Bug 7291

Summary: messed up keyboard events
Product: Drivers Reporter: David Gerber (dg-kernel-bug)
Component: Input DevicesAssignee: drivers_input-devices
Status: CLOSED PATCH_ALREADY_AVAILABLE    
Severity: normal CC: andi-bz, frank, john.stultz, Matt_Domsch
Priority: P2    
Hardware: i386   
OS: Linux   
Kernel Version: 2.6.19-rc1 Subsystem:
Regression: --- Bisected commit-id:
Attachments: dmesg output
dmidecode output
debug patch
dmesg with debug pattch
Fix typo in C3 test

Description David Gerber 2006-10-09 07:12:32 UTC
Most recent kernel where this bug did not occur: 
none found
Distribution: 
ubuntu edgy
Hardware Environment: 
Dell Inspiron 9400 (aka E1705), Intel Core 2 T7200, Radeon x1400
Software Environment:
Problem Description:
When X11 is loaded, keyboard events get messed up. For example I press 'a' and 
I see 'aaa' on the screen. This effectively renders the keyboard unusable. I 
can't seem to reproduce that effect both in the console or in gdm, though.

If I boot the kernel with 'noapic' there's no such symptom and the keyboard is 
fine. On the other hand one of the CPU core gets disabled.

Steps to reproduce:
Boot, log into X11, try to type something into any string area. It's not 
possible to predict when the sticky keys effect will happen but it usually 
happens quickly (less than 30 seconds).

It's also possible to reproduce that with a plain ubuntu distribution 'live' 
CD and the vesa driver so that means no proprietary drivers get loaded.
Comment 1 David Gerber 2006-10-09 07:15:22 UTC
Created attachment 9190 [details]
dmesg output

dmesg output (I also tested WITHOUT 'fglrx' loaded and the bug happens as well)
Comment 2 David Gerber 2006-10-09 07:16:36 UTC
Created attachment 9191 [details]
dmidecode output
Comment 3 Dmitry Torokhov 2006-10-09 07:34:39 UTC
Does booting with "nolapic" help?
Comment 4 David Gerber 2006-10-09 08:05:02 UTC
No.
With 'nolapic', both cores are enabled and the bug shows up.
Comment 5 Tarmo T 2006-10-09 18:16:08 UTC
I'm not sure if I'm seeing the exact same issue but when using 2.6.18 or
2.6.18-mm1 the keyboard works fine for several hours and then either just stops
working or gets stuck on one key that was last pressed, never releasing that key
and not generating events for any other key that is pressed.

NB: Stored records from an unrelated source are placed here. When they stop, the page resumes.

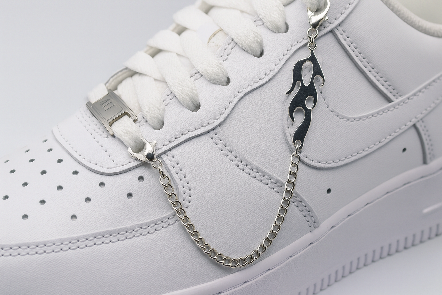 Turn up the heat on your kicks with the Blaze inferno lace chain, the ultimate sneaker accessory for streetwear lovers. Designed with a sleek siler flame pendant and premium metal chain, this lace charm adds a bold, fire-inspired touch to any pair of sneakers.
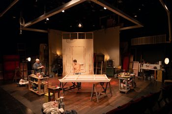 But with Rothko, they're never exactly the same kind of red. Only the artist himself could tell you what makes one tint or hue different from another. And for him, in this 90-minute play written by John Logan, immaculately directed by Alan Knoll, there was an entire spectrum of color within that spectral neighborhood alone: on the fringes, a "red" that can be murderous, or death-defying. The play first opened in 2009 at the Donmar Warehouse in London. Three months later it transferred to Broadway, where it won six Tony Awards, including Best Play. It's a perfect show now at the Jewish Community Center in Creve Couer, with a director who consistently, strategically ennobles the actors; and actors who realistically ennoble the playwright. And, though it's esoteric, they actually talk about something that matters. We are led through the struggle to perfect an imperfect mind, in ways that are as varied as the paint cans stacked all around the New York City studio at the end of the Eisenhower years. Christopher Harris plays the great artist: a jealous mensch, which is funny in itself, though the artist defies comedy (which is even more comical, on a higher plane). Bridling at the modern world's addiction to sweetness and light, he fights for his work incessantly, trying to locate himself on a spectrum among all the other great twentieth century artists. Those include his self-destructive nemesis Jackson Pollack and earlier greats like Pablo Picasso and Henri Matisse. He accuses Picasso of being obsessed with money, but demands a receipt from his gofer for the simplest bag of Chinese carry-out. He puts himself far above the emerging artists like Stella, Warhol, or de Kooning, for riding the zeitgeist, instead of reinventing it. And struggles for supremacy in their shared reality, where everything's a game of color and space. But in the very first scene, we learn he has jeopardized his place in the artistic firmament, as a titan of postwar American art: to become a sideshow for Philip Johnson, the architect. Through Johnson, Rothko has accepted a commission to turn the glitzy Four Seasons restaurant, in the new Seagram Building, into a gallery of his own work. And we can see he has begun to worry that "his" color has taken on the shade of a "marked for clearance" sign. Dustin Lane Petrillo is Ken, his new assistant, a sounding board for everything that's wrong with the art world circa 1958-59. He's bright and charming, and both innocent and complicated in his own way. The production works so well because the two actors contrast on multiple levels, though both are painters here. The deeply evocative murals, and a set that seems viciously spare (but would take pages to describe), are by our premiere designers, Margery and Peter Spack. Rothko courts the muse with song and spirit, and the invocation of great painters and authors. But when inspiration finally, palpably hits, an off-handed remark is all it takes to trigger a rage over the lost moment of evanescence. We lean in, right before Mr. Harris' hard emotional pivot (over "red," of course) to gain dizzying insight into his painstaking rain dance for creativity, right before it's suddenly knocked off kilter. Which, I suppose, is funny in a whole different way. Mr. Petrillo is every bit as expressive and kindly as Mr. Harris is enigmatic and brusque. And in a hair-raising scene of startling clarity, Ken tells a story of a family tragedy that has inspired his own series of unexpected paintings. Through it all, the canvases take on a compelling life, wriggling themselves into being, whether in dream-like twilight or the cross-currents of shadow (by "shadow" designer, we might say, Jayson M. Lawshee). And we see life being imputed into canvas as the two men lay down a primer coat of the artist's signature color. It's pure movement, growing synchronized in spite of their differences. Rothko's internal universe of doubt, and his own version of a "lust for life," wrestles and writhes onto a flatter reality, as snapshots of unspeakable passion. The show itself, with a faultless alignment of direction and performance, is a silky smooth gallery of defining moments. We linger in awe, and sometimes sadness, over the fury of it all. Red runs through August 11, 2024, at the Jewish Community Center, #2 Millstone Campus Drive, St. Louis. For tickets and information, please visit www.newjewishtheatre.org. Cast: Production Staff: Additional Production Staff: * Denotes Member, Actors' Equity Association |
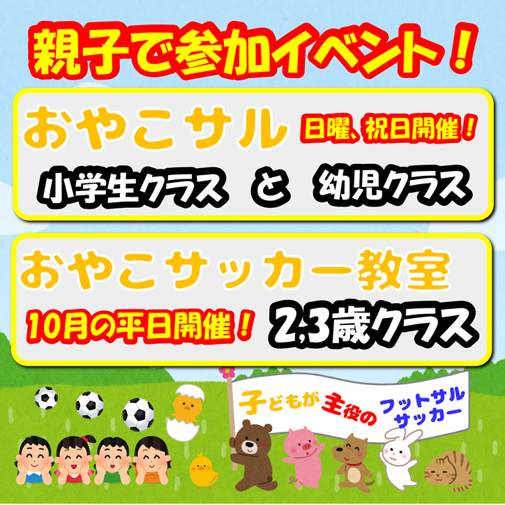 10月も毎週『おやこサル』を開催いたします!その日にお集まりいただいた親子の皆さんでチーム分けを行い、時間いっぱいフットサルの試合をお楽しみいただくイベントです … 続きを読む ★親子参加イベント♪(おやこサル、おやこサッカー教室)
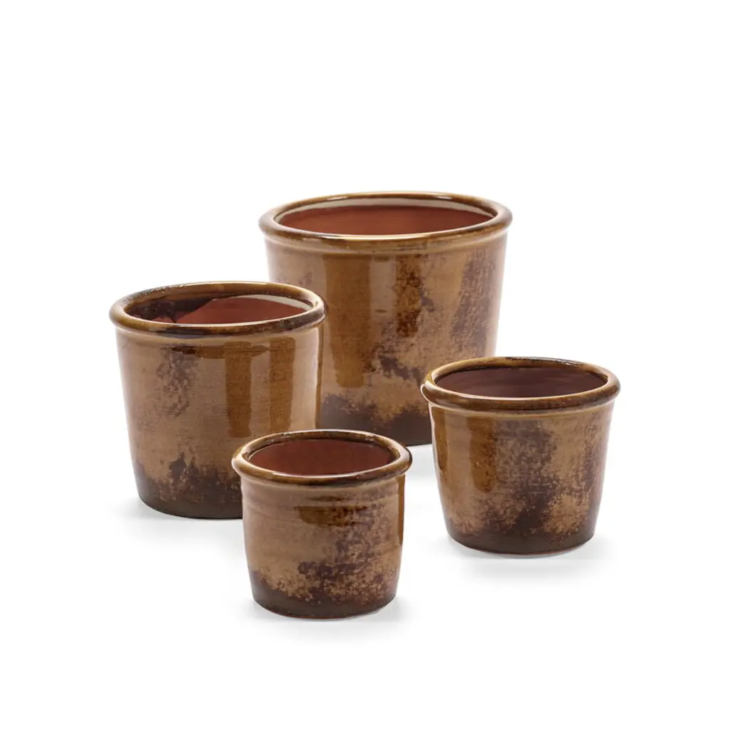 The Glazed Shades plant pots by Serax offer an easy way to add a unique touch to your home décor. The textured pots are finished with a glossy glaze that gives them their distinctive expression, making them the perfect boho-chic pots for all houseplants and flowers. By combining pots in different colors you can create your own mini urban jungle either inside your home or on the patio or balcony, although you should not leave them outside in the rain or cold weather. As there is no drainage hole in the bottom, plants should not be planted directly in the pots – you can place a plastic pot and saucer inside them or use a plastic bag.
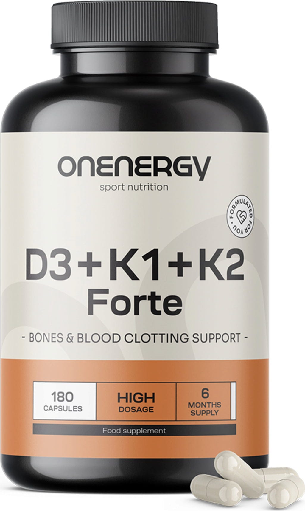 OnEnergy Vitamine D3 + K1 + K2 FORTE, 180 kapszula
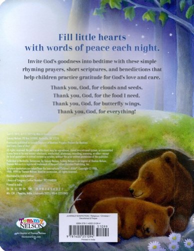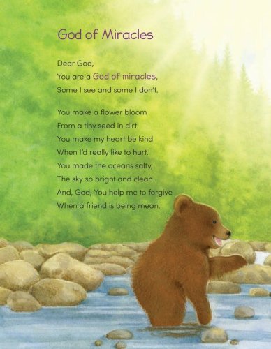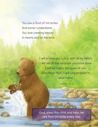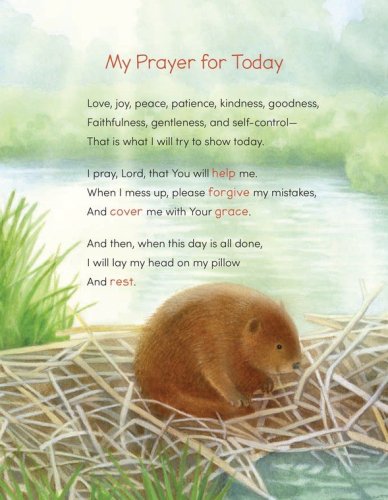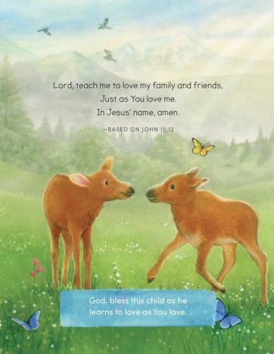 original prayers that speak to the unique challenges and joys of little ones,prayers from the Bible that small children can understand,a heartfelt note to parents about the readiness of a child’s heart for prayer,a "God bless this child" benediction on every page for parents to pray over their children, andcalming nature scenes of animal families.
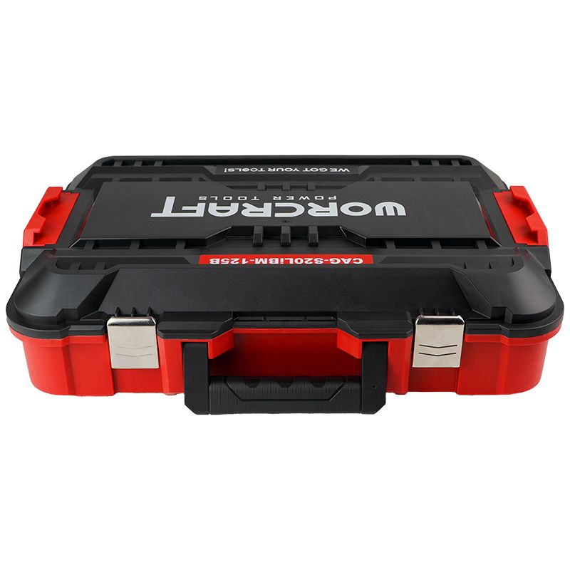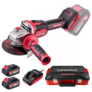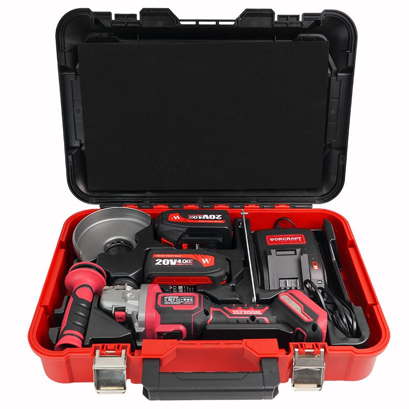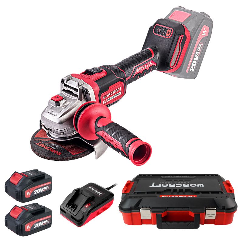 Акумуляторна безщіткова болгарка WORCRAFT CAG-S20LiBM-125B постачається з двома акумуляторами, зарядним пристроєм і міцним пластиковим кейсом.
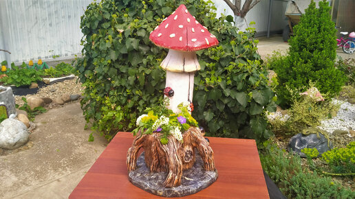Гриб мухомор с Вазоном пенек из цемента своими руками

I'm using an less known brand (Sabio Digital model "SD-MW1 PM") laptop with
1.83Ghz Pentium-M dothan, nvidia geforce 6600 GO. I haven't tried yet with
'noapic' nor 'nolapic'.

Is it likely that my issue is the same one that this bugreport refers to?
Comment 6 David Gerber 2006-10-09 19:00:56 UTC
I don't think so. The bug shows up pretty quickly and effectively renders the
machine unusable (if you use X11, that is.. all the rest seems to work fine).
Comment 7 Frank Sorenson 2006-10-09 19:37:32 UTC
I also see this keyboard stuttering in X.  I've got a Dell Inspiron E1705, like
David Gerber, however booting with 'nolapic' solves the keyboard-repeat problem
for me (but disables one of the CPU cores).

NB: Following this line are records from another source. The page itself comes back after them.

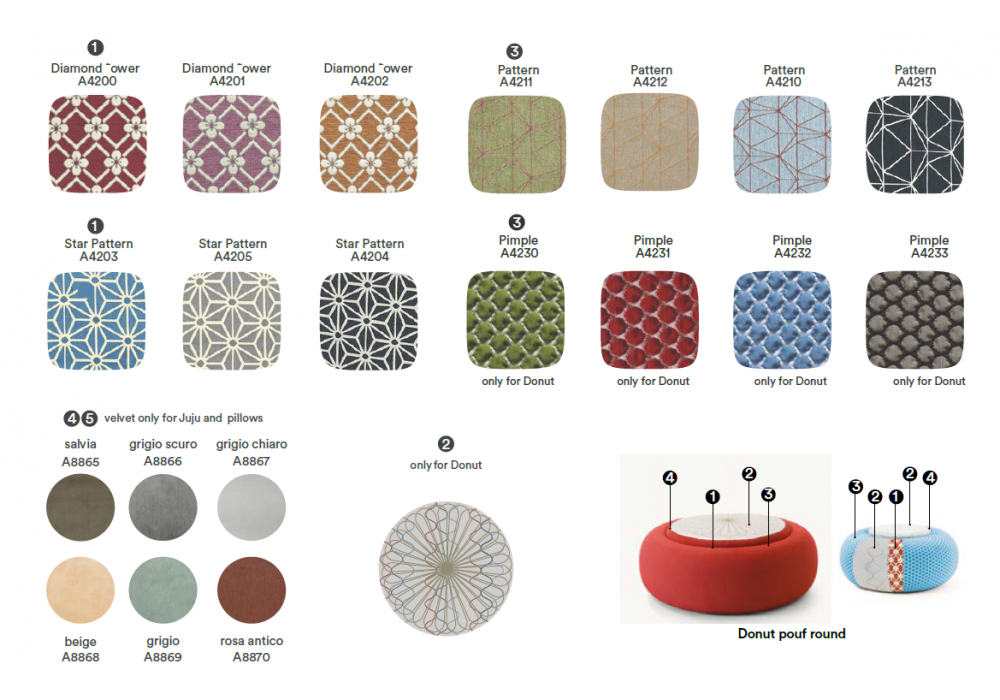 Donut firmato da Edward van Vliet per Moroso è un pouf realizzato in poliuretano espanso a densità differenziate e fibra di poliestere con struttura interna in legno. Piedini in polipropilene.
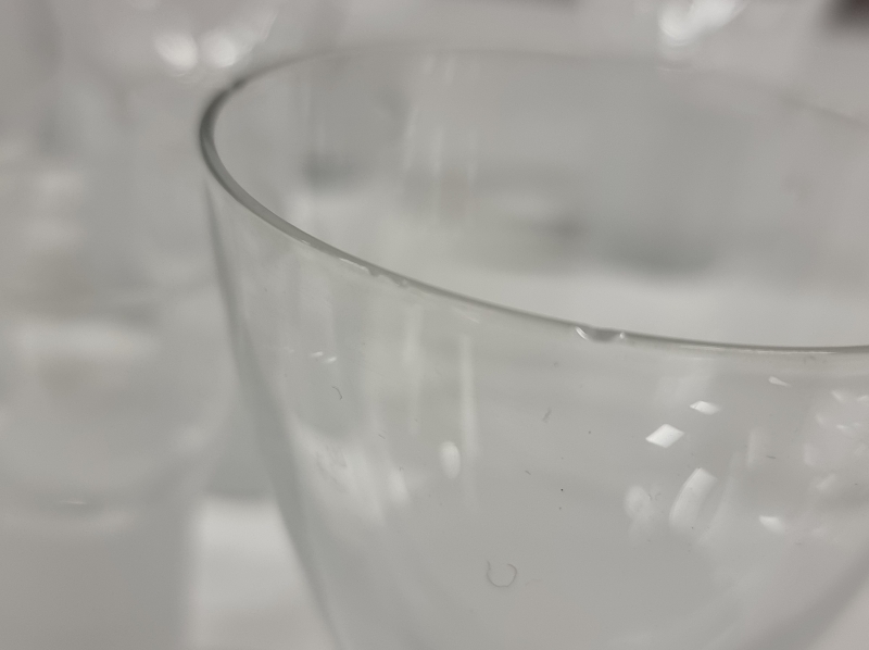Kolmessa lasissa reunavika. Korkein 11cm
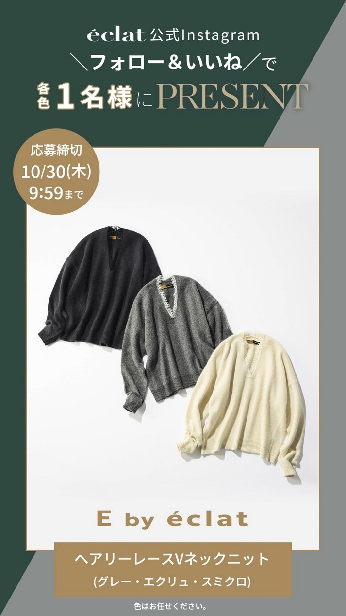 賞品:Room no.8 for E by eclat 「ヘアリーレースVネックニット」(3名様)
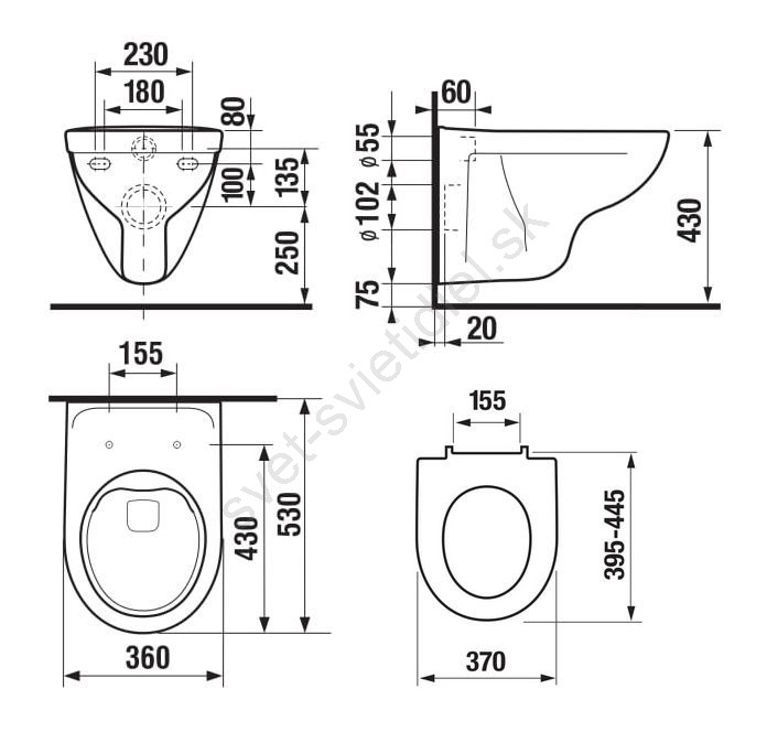• Závesná toaleta s hlbokým splachovaním bez oplachového kruhu.
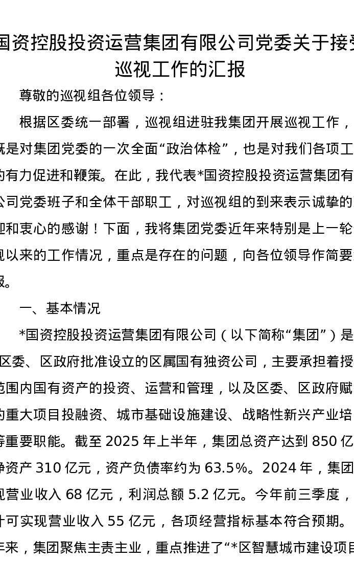 国资控股投资运营集团有限公司党委关于接受巡视工作的汇报
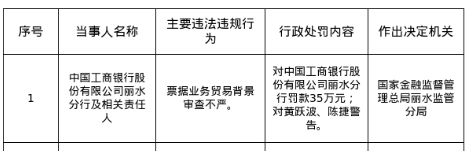 工行丽水分行被罚35万,涉票据业务贸易背景审查不严

When the extra keyboard events are coming through, I see interrupt 1 in
/proc/interrupts incrementing by the number of characters that X sees, not the
number of key events I really generated:

         CPU0       CPU1
1:       3666       3713    IO-APIC-edge  i8042 

With 'nolapic', all the interrupt triggers are XT-PIC, and no extra interrupts
are received.
Comment 8 Dmitry Torokhov 2006-10-09 19:42:24 UTC
David, I wonder if it is timer issue. What 
does "cat /sys/devices/system/clocksource/clocksource0/*" show on your system?
Comment 9 David Gerber 2006-10-09 20:13:02 UTC
It shows:
jiffies
jiffies
Comment 10 Dmitry Torokhov 2006-10-09 21:56:19 UTC
Your clocksource is junk :(

1. What is your CONFIG_NR_CPUS in .config?
2. Can I please see /proc/cpuinfo
3. Please try enabling CONFIG_X86_PM_TIMER
Comment 11 David Gerber 2006-10-09 22:10:51 UTC
1. 2
2. 
processor       : 0
vendor_id       : GenuineIntel
cpu family      : 6
model           : 15
model name      : Intel(R) Core(TM)2 CPU         T7200  @ 2.00GHz
stepping        : 6
cpu MHz         : 1000.000
cache size      : 4096 KB
physical id     : 0
siblings        : 1
core id         : 0
cpu cores       : 1
fpu             : yes
fpu_exception   : yes
cpuid level     : 10
wp              : yes
flags           : fpu vme de pse tsc msr pae mce cx8 apic sep mtrr pge mca cmov
pat pse36 clflush dts acpi mmx fxsr sse sse2 ss ht tm syscall nx lm constant_tsc
pni monitor ds_cpl vmx est tm2 cx16 xtpr lahf_lm
bogomips        : 3999.20
clflush size    : 64
cache_alignment : 64
address sizes   : 36 bits physical, 48 bits virtual
power management:

(this is with 'noapic' though, tell me if you want one with apic enabled.. but I
think it's pretty much the same except there are 2 cores)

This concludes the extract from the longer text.